# Data excerpts:
________________________________________

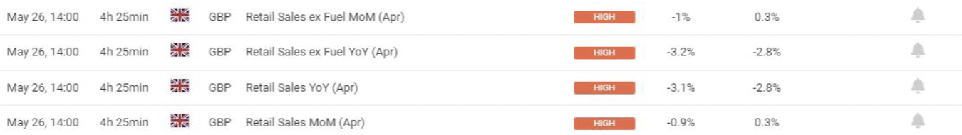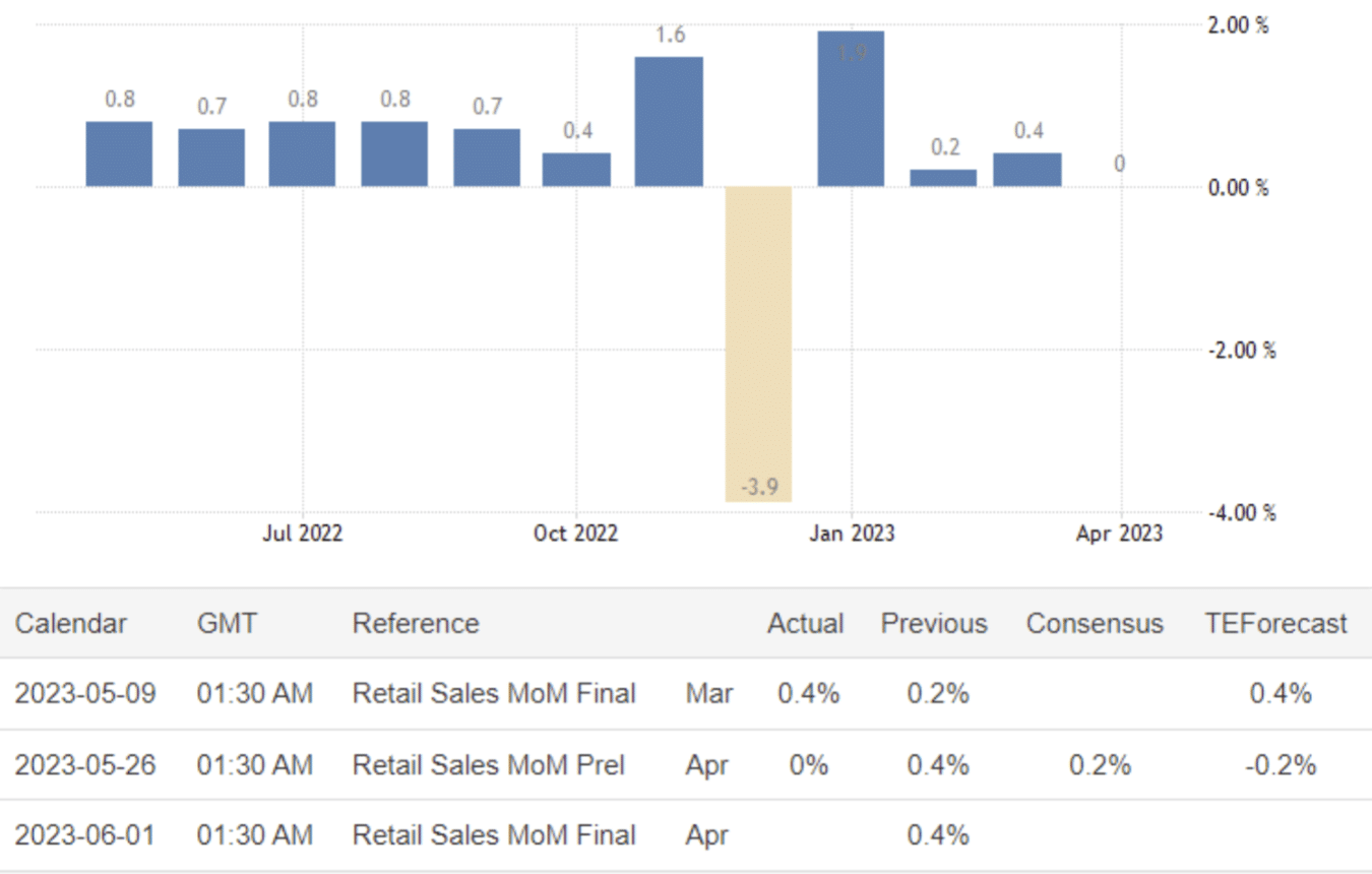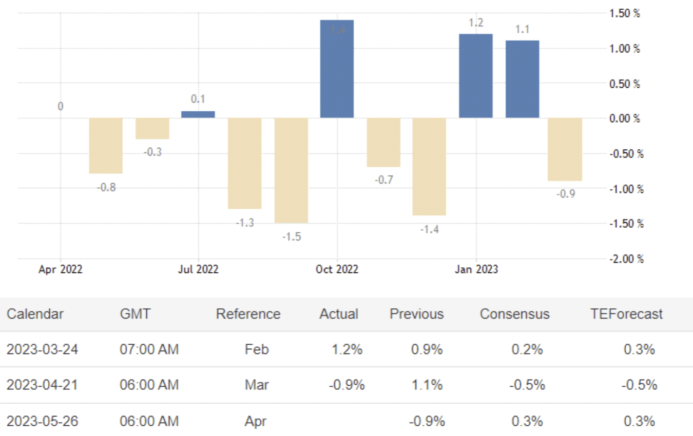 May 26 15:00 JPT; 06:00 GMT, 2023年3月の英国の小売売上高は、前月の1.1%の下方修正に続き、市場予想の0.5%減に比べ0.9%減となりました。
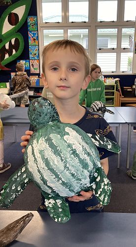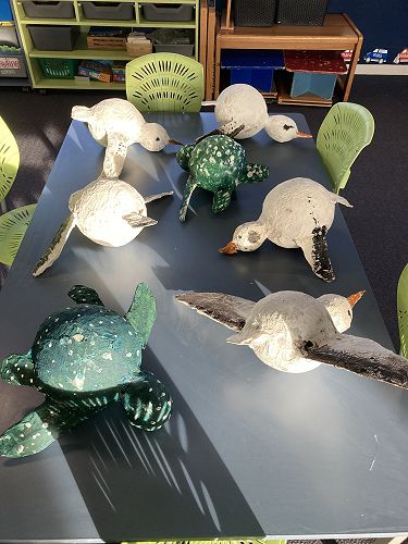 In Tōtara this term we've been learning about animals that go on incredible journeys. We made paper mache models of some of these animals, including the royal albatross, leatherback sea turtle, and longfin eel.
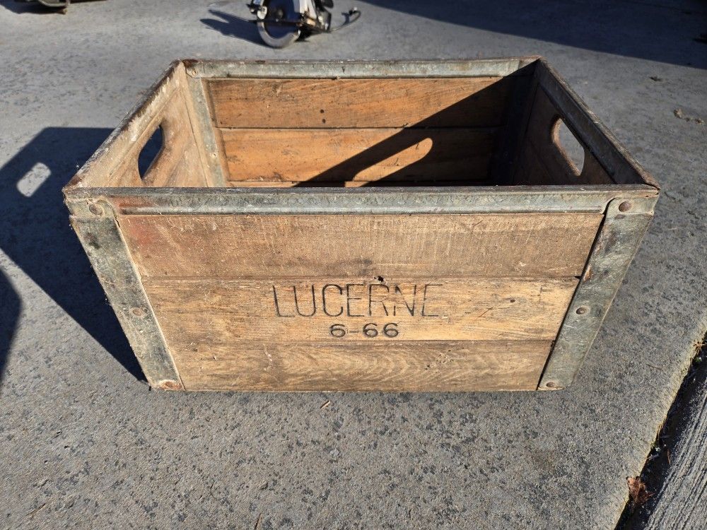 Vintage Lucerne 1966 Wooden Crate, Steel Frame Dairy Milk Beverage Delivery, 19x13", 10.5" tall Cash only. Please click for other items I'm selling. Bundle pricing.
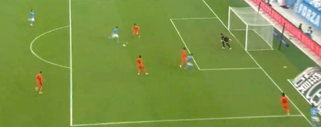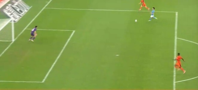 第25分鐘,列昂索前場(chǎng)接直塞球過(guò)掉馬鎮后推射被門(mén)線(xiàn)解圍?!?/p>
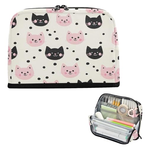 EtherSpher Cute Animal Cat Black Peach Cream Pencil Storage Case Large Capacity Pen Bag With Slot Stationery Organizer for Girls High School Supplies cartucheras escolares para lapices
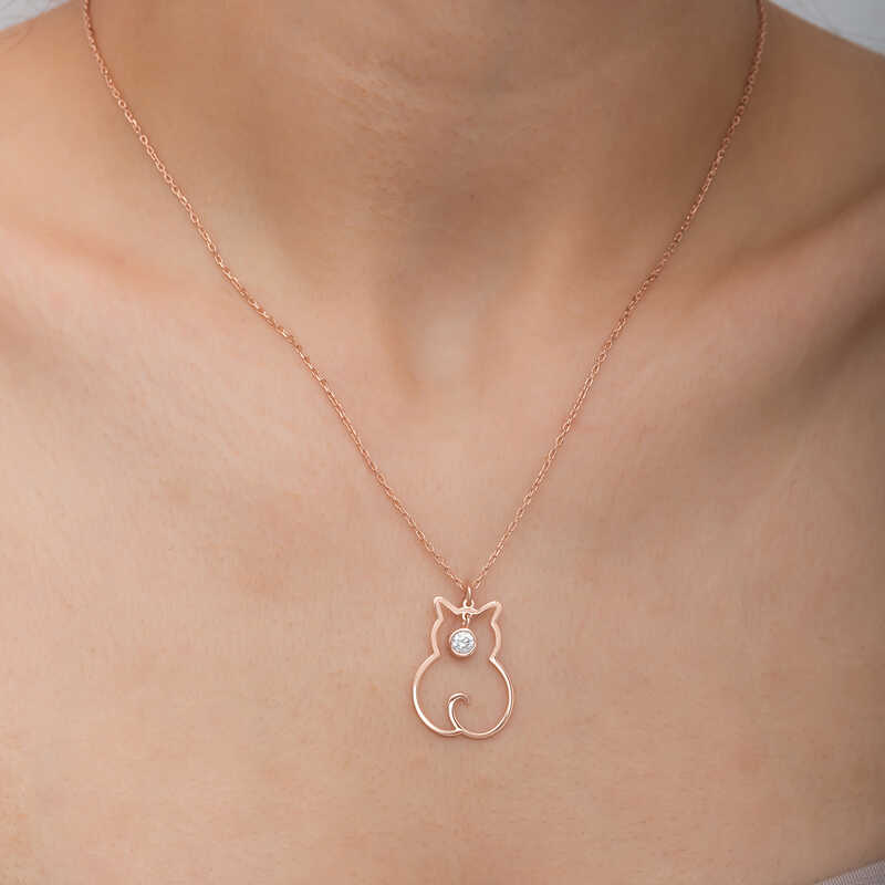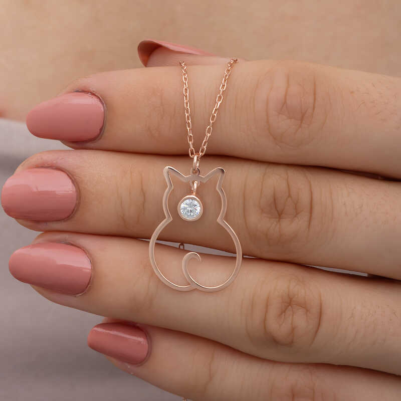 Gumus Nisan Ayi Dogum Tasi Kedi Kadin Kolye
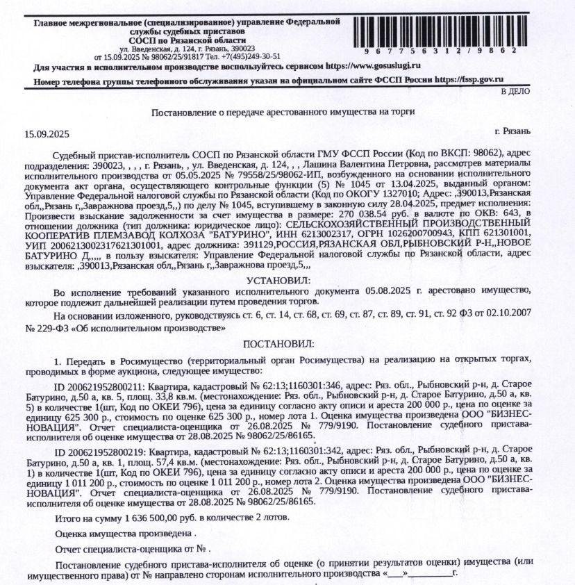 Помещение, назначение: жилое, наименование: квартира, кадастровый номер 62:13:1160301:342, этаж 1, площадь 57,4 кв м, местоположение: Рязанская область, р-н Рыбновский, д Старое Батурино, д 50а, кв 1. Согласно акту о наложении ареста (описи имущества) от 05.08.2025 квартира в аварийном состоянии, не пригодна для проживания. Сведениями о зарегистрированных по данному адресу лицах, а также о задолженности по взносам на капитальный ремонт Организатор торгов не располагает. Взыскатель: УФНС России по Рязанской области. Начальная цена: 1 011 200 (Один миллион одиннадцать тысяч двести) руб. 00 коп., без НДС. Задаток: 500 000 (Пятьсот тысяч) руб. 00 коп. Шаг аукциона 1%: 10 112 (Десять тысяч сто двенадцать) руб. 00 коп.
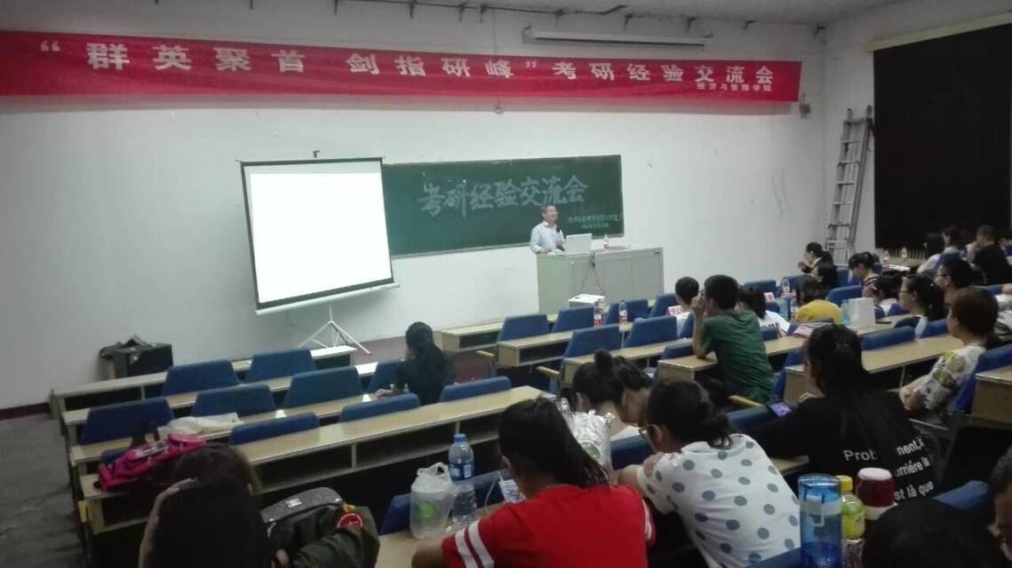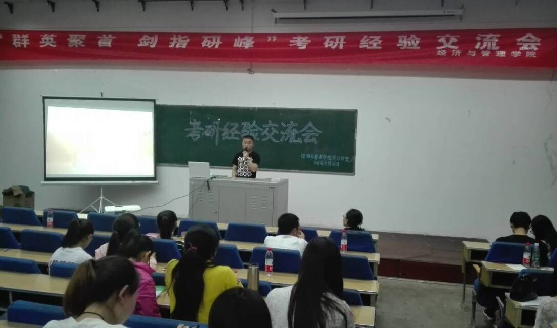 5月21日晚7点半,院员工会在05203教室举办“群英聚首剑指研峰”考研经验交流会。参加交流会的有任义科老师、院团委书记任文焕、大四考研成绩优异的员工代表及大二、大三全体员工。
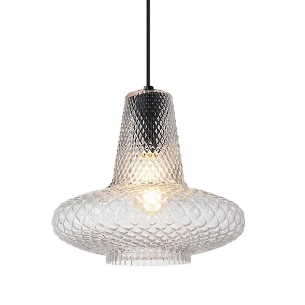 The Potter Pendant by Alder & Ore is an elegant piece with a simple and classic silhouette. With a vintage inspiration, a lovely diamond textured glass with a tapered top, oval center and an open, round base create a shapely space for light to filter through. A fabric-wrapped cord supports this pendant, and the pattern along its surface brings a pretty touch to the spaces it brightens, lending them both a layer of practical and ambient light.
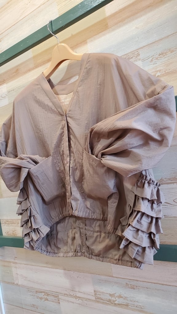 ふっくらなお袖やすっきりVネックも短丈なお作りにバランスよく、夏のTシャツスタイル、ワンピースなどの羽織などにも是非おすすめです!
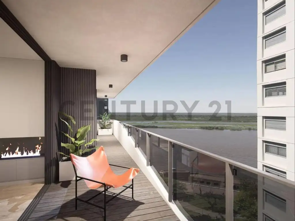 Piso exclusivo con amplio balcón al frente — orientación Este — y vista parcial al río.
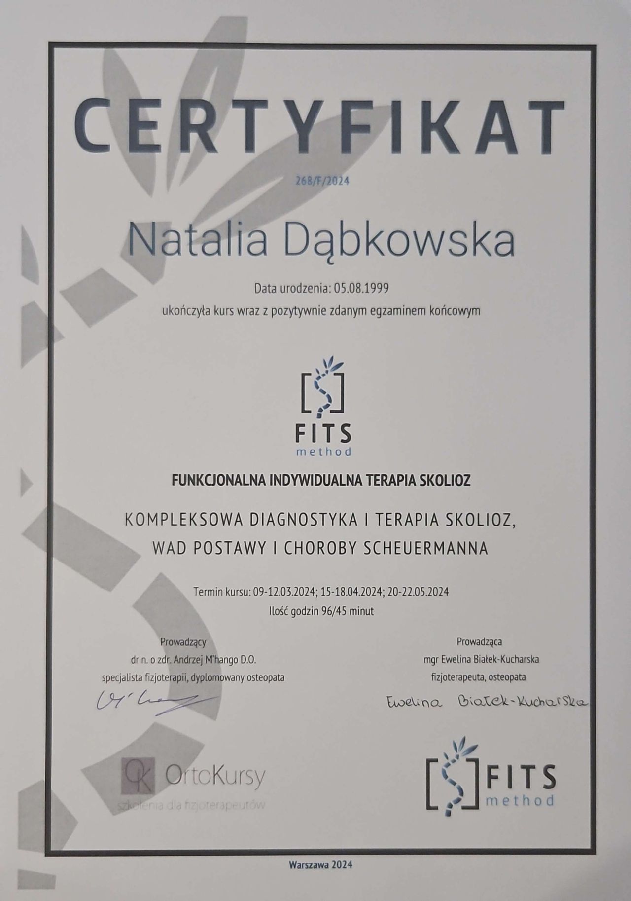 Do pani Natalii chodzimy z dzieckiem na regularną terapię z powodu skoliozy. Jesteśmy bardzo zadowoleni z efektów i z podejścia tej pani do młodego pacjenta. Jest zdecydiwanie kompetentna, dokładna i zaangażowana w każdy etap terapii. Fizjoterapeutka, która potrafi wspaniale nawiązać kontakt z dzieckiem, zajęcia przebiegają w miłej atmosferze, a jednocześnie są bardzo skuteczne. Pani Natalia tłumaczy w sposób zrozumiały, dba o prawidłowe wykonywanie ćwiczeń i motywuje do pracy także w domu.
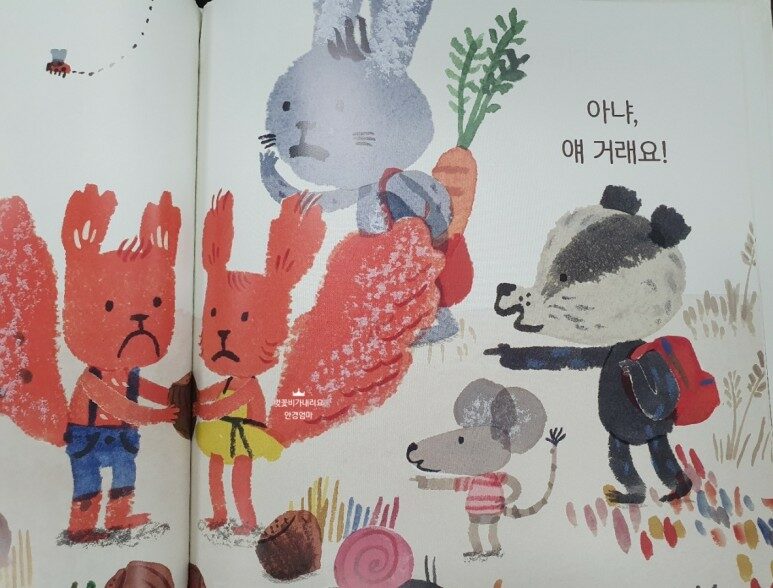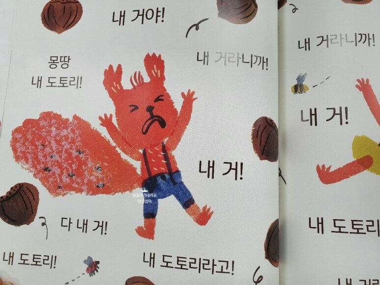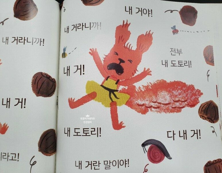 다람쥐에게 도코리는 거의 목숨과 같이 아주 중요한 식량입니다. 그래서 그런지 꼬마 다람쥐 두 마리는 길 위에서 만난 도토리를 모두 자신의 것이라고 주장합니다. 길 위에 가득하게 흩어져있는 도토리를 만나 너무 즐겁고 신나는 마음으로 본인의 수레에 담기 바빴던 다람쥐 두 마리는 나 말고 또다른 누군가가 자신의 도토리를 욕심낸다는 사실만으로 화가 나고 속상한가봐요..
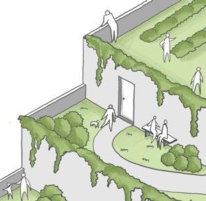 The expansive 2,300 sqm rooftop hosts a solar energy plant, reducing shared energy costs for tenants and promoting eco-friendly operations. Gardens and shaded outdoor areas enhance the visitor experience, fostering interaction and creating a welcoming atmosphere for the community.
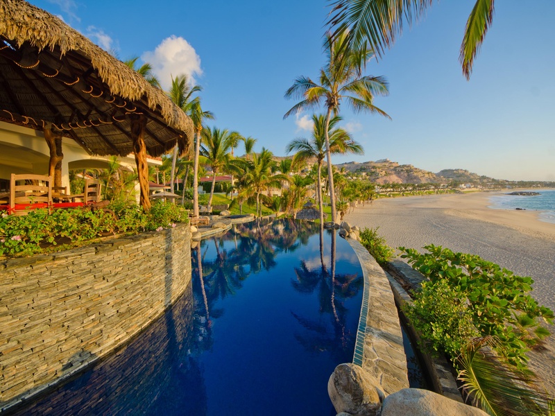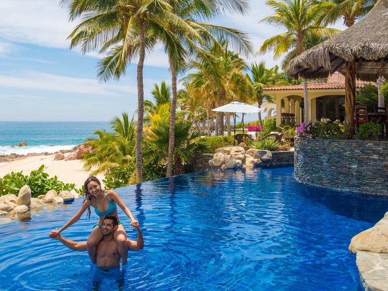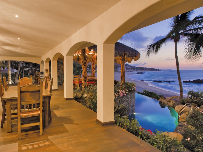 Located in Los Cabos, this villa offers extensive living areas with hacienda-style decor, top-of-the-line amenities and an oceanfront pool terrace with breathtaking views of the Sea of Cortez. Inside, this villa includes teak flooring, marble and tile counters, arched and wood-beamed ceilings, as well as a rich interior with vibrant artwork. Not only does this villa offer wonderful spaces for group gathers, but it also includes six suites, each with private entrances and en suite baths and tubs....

________________________________________

# REQUIRED WORK:
Here the job is to copy the stretch of records from the line containing "ふっくらなお袖やすっきりVネ" through the line containing "다람쥐에게 도코리는 거의", word for word. Leave every picture out.

# THE COMPLETED TASK:
 ふっくらなお袖やすっきりVネックも短丈なお作りにバランスよく、夏のTシャツスタイル、ワンピースなどの羽織などにも是非おすすめです!
 Piso exclusivo con amplio balcón al frente — orientación Este — y vista parcial al río.
 Do pani Natalii chodzimy z dzieckiem na regularną terapię z powodu skoliozy. Jesteśmy bardzo zadowoleni z efektów i z podejścia tej pani do młodego pacjenta. Jest zdecydiwanie kompetentna, dokładna i zaangażowana w każdy etap terapii. Fizjoterapeutka, która potrafi wspaniale nawiązać kontakt z dzieckiem, zajęcia przebiegają w miłej atmosferze, a jednocześnie są bardzo skuteczne. Pani Natalia tłumaczy w sposób zrozumiały, dba o prawidłowe wykonywanie ćwiczeń i motywuje do pracy także w domu.
 다람쥐에게 도코리는 거의 목숨과 같이 아주 중요한 식량입니다. 그래서 그런지 꼬마 다람쥐 두 마리는 길 위에서 만난 도토리를 모두 자신의 것이라고 주장합니다. 길 위에 가득하게 흩어져있는 도토리를 만나 너무 즐겁고 신나는 마음으로 본인의 수레에 담기 바빴던 다람쥐 두 마리는 나 말고 또다른 누군가가 자신의 도토리를 욕심낸다는 사실만으로 화가 나고 속상한가봐요..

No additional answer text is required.